D. Elías, si no todos, conservaba algunos de sus millones, y si algo de su capital perdió en una empresa periodística en que se metió, por una especie de palingenesia de la vanidad, aún sacó, amén de las manos en la cabeza, incólumes unos doscientos mil duros y el propósito de no meterse en malos negocios, por halagüeños que fuesen para su amor propio.
Más poderosa que él su afición a las letras, que se irritaba de nuevo con la proximidad de la vejez, le obligaba a procurar el trato de los escritores, y no siempre de balde. Su primera vanidad era Rita; esbelta, blanca, discreta hasta en el modo de andar, elegante, que se movía con una aprensión de alas en los hombros, que miraba a todo como al cielo azul, seria y dulce, sin más que un poco de2 acíbar, de ironía en la punta de la lengua para el mal cuando era ridículo, y para la ignorancia cuando recaía en varón constante obligado a saber lo que pregonaba tener al dedillo. Pero la segunda vanidad de Cofiño, poco menos fuerte, era la amistad de los grandes literatos. Cuando era pobre todavía y redactaba periódicos, tenía Don Elías gusto más difícil; le asustaba la idea de tragarlas como puños, de admirar lo malo por bueno: pero ahora, el bienestar y los años le habían hecho más benévolo y estragado en parte el paladar. Ya tenía por grandes escritores a los que no pasaban de medianos, y aun a algunos que, apurada la cuenta, serían malos probablemente. Él, que no necesitaba de nadie, por tal de ser amigo de notabilidades, adulaba a los mismos a quienes solía dar de comer; y a más de un parásito suyo le hizo la corte con una humildad indigna de su carácter, altivo en los demás negocios. A los académicos les alababa el diccionario y el purismo, y la parsimonia de su vida literaria, y con ellos hablaba de líneas griegas, de castidad clásica, y de los modelos. Con los autores revolucionarios se explicaba de otro modo, y decía pestes de los ratones de bibliotecas y de las «frías convicciones del pseudo-clasicismo». A los jóvenes les concedía que había que reemplazar a los ídolos caducos; a los viejos, que con ellos se moría el arte. Y esto lo hacía el pobre D. Elías por estar bien con todos, y porque la experiencia le había enseñado que el manjar de esta clase de dioses es la murmuración, y que en sus altares, más que el incienso, se estima la sangre de literato degollado vivo sobre el ara.
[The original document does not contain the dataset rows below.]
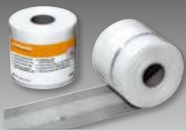
fermacell Powerpanel HD Wapeningsband # 79050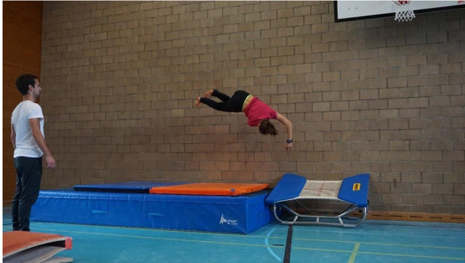
Am Schluss noch etwas Akrobatik in schwindelerregender Höhe.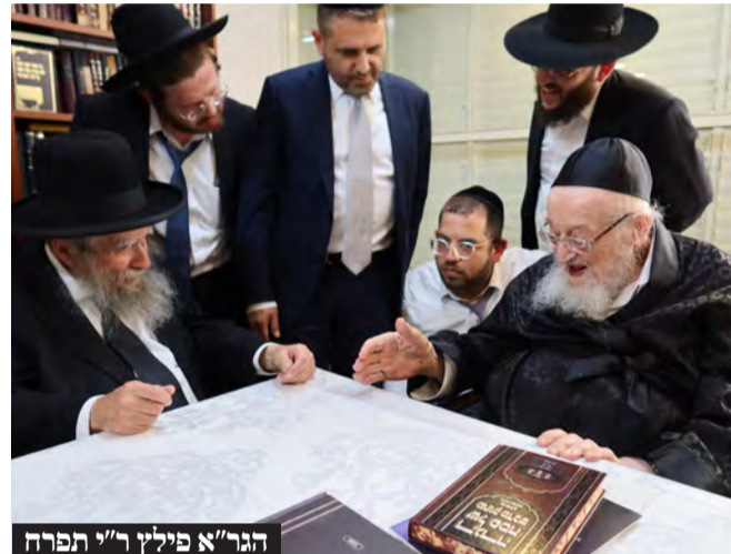
הגר"א פילץ ר"י תפרח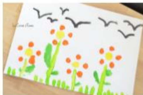
Et voici le résultat

Puis on fait l'herbe et les tiges. Vous pouvez arrêter là ou laisser votre enfant finir de compléter son paysage. Ma fille a choisi de faire des oiseaux par exemple.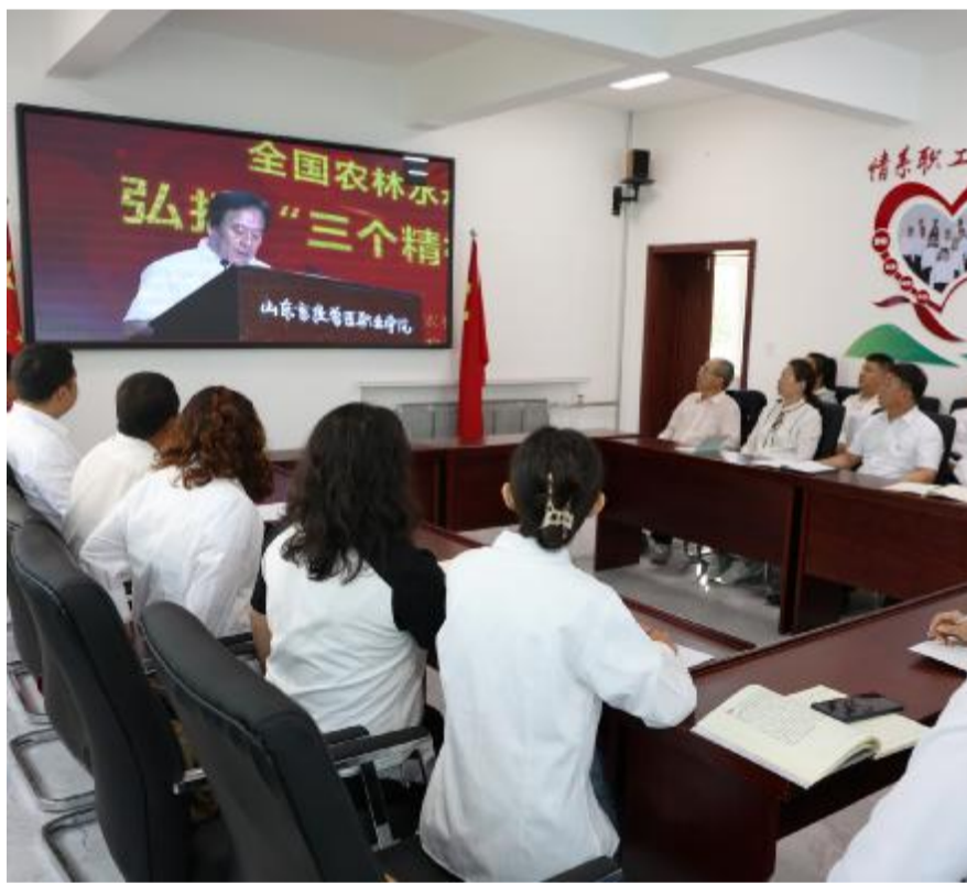
6月26日,锦源森工公司工会组织机关干部职工收看全国农林水利气象系统弘扬劳模精神、劳动精神、工匠精神宣讲活动视频,激励干部职工做“三个精神”的践行者,为公司绿色高质量发展贡献智慧和力量。

饱含深情,深刻表达了对祖国、家乡的依恋与忠诚;舞蹈《春颂》《敬鲁古雅》,表演者身着民族服饰,伴着悠扬的曲子,翩翩起舞,表达出各民族一家亲的深厚情感。现场掌声雷动、气氛热烈,每个精心编排的节目都深深牵动着在场观众的心,最后,演出在歌舞节目《永远是一家人》中落下帷幕。 不忘初心向党,百年征程再起航。此次活动是乌尔旗汉森工公司党委推动企业文化高质量发展的重要举措,对凝聚广大干部职工奋进力量具有十分重要的现实意义。多年来,“黎明之夏”广场文艺演出已成为该公司党委打造特色文化品牌和促进林地共建的重要载体,更是增进各族干部职工群众文化认同、铸牢中华民族共同体意识的有效依托。林地双方坚持“一片林、一家人、一个目标、一条心”的理念,携手推动乌尔旗汉地区各项事业繁荣发展。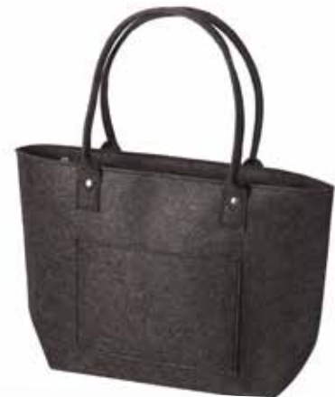
8164/DG 33 x 15 x 30/54 cm (LxBxH)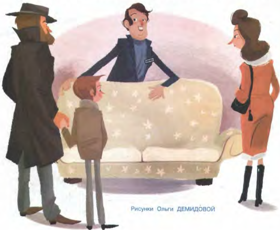
Рисунки Ольги ДЕМИДОВОЙ

К нам тут же подбежал продавец-консультант с табличкой «Ле-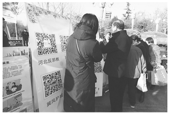
扫描反邪教微信、微博等网络媒体二维码。

一大早,法制公园内就已经人山人海,热闹非凡。晨练的人们在充分活动了筋骨之后,穿梭于各个法治宣传摊位前搜集法律法规知识材料,更有不少群众专门为法治宣传而来。在一进法制公园北门,右手边有一个比较显眼的位置,许多群众将这个宣传摊位围得严严实实。这里悬挂着反邪教宣传横幅,展示着30多块反邪教宣传展板和反邪教微信、微博等新媒体二维码。人们一看这里是反邪教法律宣传现场,不断向这边涌来。在现场,工作人员先后向群众发放反邪教宣传手册、明白纸等共计10000余份,还发放了大量印有反邪教内容的停车卡、小册子、毛巾、水杯、折页纸、购物袋等,以及带有反邪教标识的手套、洗碗布、数据线、手机扣等宣传品。为创新宣传形式,丰富反邪教宣传内容,增强宣传效果,石家庄市防范办租用了一台反邪教宣传车,利用车上的LED屏滚动播放反邪教文艺节目视频、公益广告和反邪教宣传标语等,并进行了反邪教文艺演出。演出间隙,还穿插了反邪教知识有奖问答,众多群众积极上台回答问题,宣传效果非常明显,获得在场群众的阵阵叫好。由于宣传形式灵活多样,现场群众互动和参与热情非常高涨。反邪教,通过群众喜闻乐见的宣传方式,走到了群众身边,走进了群众心里。(焦瀑 郝申)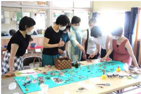
アロマワックスバーづくり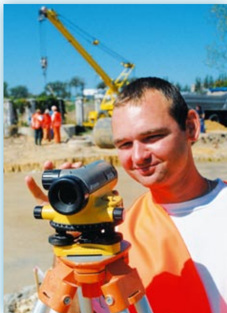
Usługa transgraniczna powinna być wykonywana przejściowo i musi być czasowo ograniczona

Todo ello se le podía perdonar al antiguo librero, porque el fin que se proponía no era bajo, ni siquiera interesado. Pero lo que no tenía perdón era su empeño de casar a Rita con un literato ilustre, o por lo menos que estuviese en camino de serlo. Merecía Rita por su hermosura de rubia esbelta, de rubia con un matiz de andaluza, suave, mezclado con otros de ángel y de mujer seria; por su educación completa, discreta y oportuna, por su candor, por su talento un poco avergonzado de sí mismo, y por los tesoros de virtud casera que todo lo suyo anunciaba, desde el modo de besar a un niño hasta la manera de doblar la mantilla, merecía por todo eso, y por su fortuna sana aunque no fabulosa, un novio a pedir de boca, una gran proporción, algo así como un ministro, o un banquero, o un hombre honrado y guapo por lo menos. Pero D. Elías exigía a todo pretendiente posible la condición de literato, y bastante conocido.